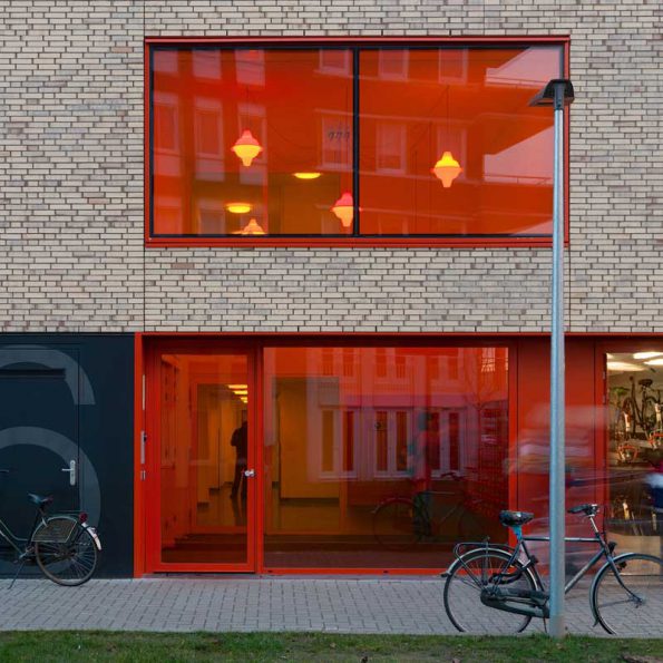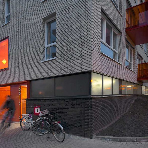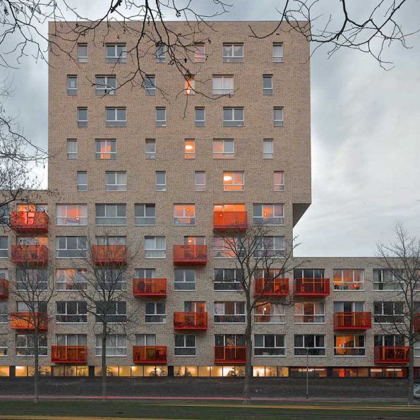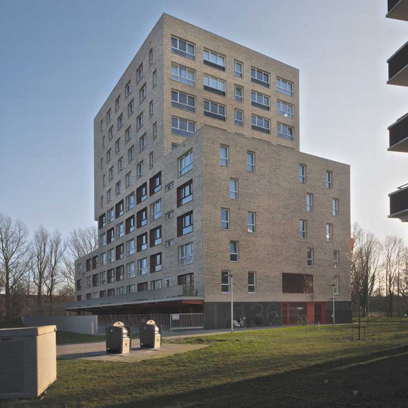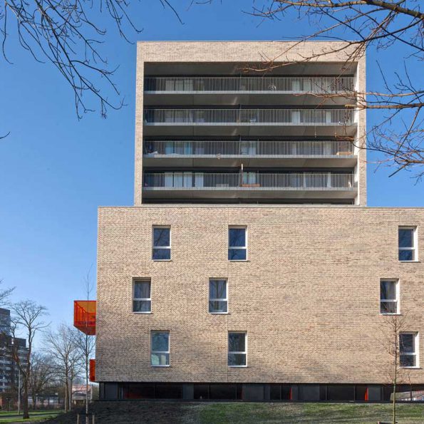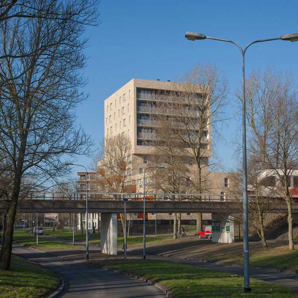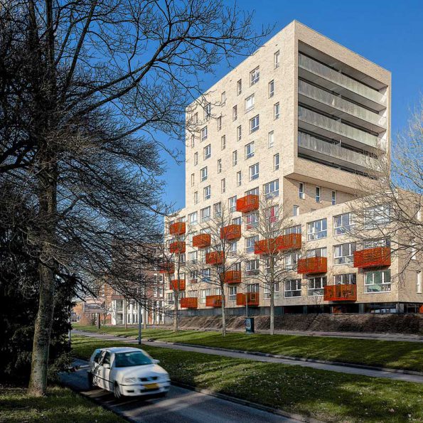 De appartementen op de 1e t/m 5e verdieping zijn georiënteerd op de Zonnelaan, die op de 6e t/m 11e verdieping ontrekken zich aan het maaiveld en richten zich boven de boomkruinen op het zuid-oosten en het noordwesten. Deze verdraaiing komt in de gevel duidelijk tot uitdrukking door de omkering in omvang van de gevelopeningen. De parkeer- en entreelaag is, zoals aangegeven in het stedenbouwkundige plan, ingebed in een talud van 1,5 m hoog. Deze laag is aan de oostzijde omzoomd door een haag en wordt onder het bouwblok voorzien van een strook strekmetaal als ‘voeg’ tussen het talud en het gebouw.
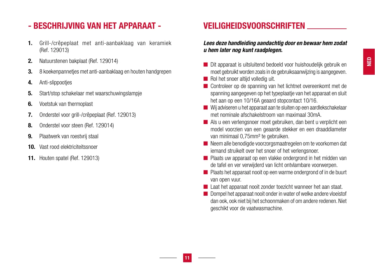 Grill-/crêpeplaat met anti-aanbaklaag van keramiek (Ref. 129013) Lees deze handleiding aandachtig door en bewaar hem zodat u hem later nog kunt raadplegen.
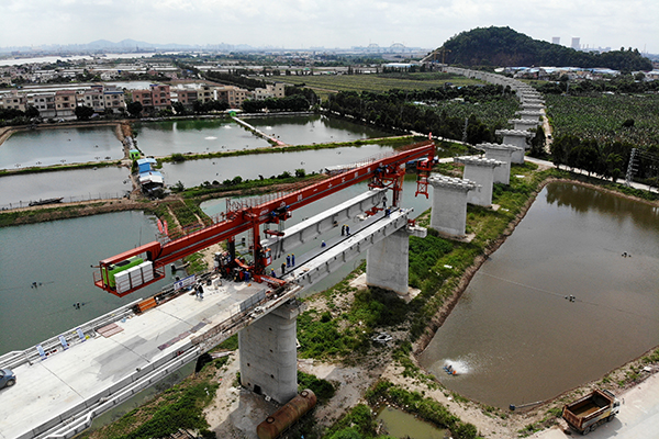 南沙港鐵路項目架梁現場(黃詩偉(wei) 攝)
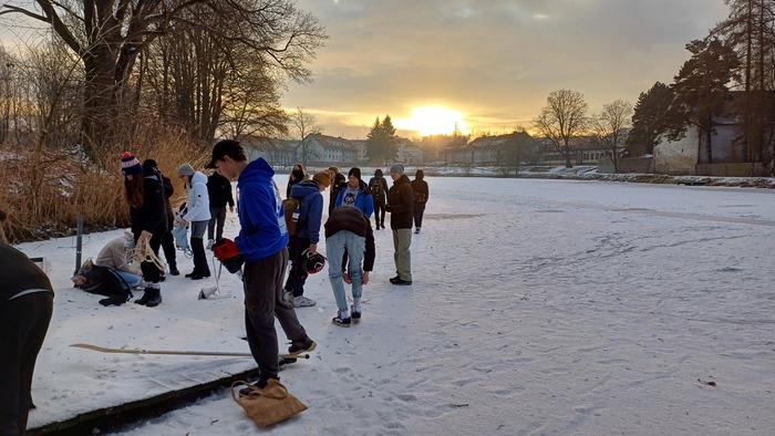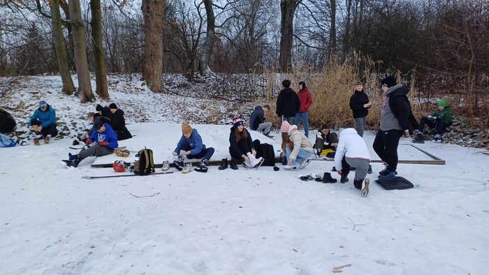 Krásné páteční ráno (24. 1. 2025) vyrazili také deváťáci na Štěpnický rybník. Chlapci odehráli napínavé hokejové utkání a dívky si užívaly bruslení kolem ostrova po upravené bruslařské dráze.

TASK DESCRIPTION:
Leave out the pictures, and write out all the remaining data above exactly.

SOLUTION FOR THIS EXERCISE:
 De appartementen op de 1e t/m 5e verdieping zijn georiënteerd op de Zonnelaan, die op de 6e t/m 11e verdieping ontrekken zich aan het maaiveld en richten zich boven de boomkruinen op het zuid-oosten en het noordwesten. Deze verdraaiing komt in de gevel duidelijk tot uitdrukking door de omkering in omvang van de gevelopeningen. De parkeer- en entreelaag is, zoals aangegeven in het stedenbouwkundige plan, ingebed in een talud van 1,5 m hoog. Deze laag is aan de oostzijde omzoomd door een haag en wordt onder het bouwblok voorzien van een strook strekmetaal als ‘voeg’ tussen het talud en het gebouw.
 Grill-/crêpeplaat met anti-aanbaklaag van keramiek (Ref. 129013) Lees deze handleiding aandachtig door en bewaar hem zodat u hem later nog kunt raadplegen.
 南沙港鐵路項目架梁現場(黃詩偉(wei) 攝)
 Krásné páteční ráno (24. 1. 2025) vyrazili také deváťáci na Štěpnický rybník. Chlapci odehráli napínavé hokejové utkání a dívky si užívaly bruslení kolem ostrova po upravené bruslařské dráze.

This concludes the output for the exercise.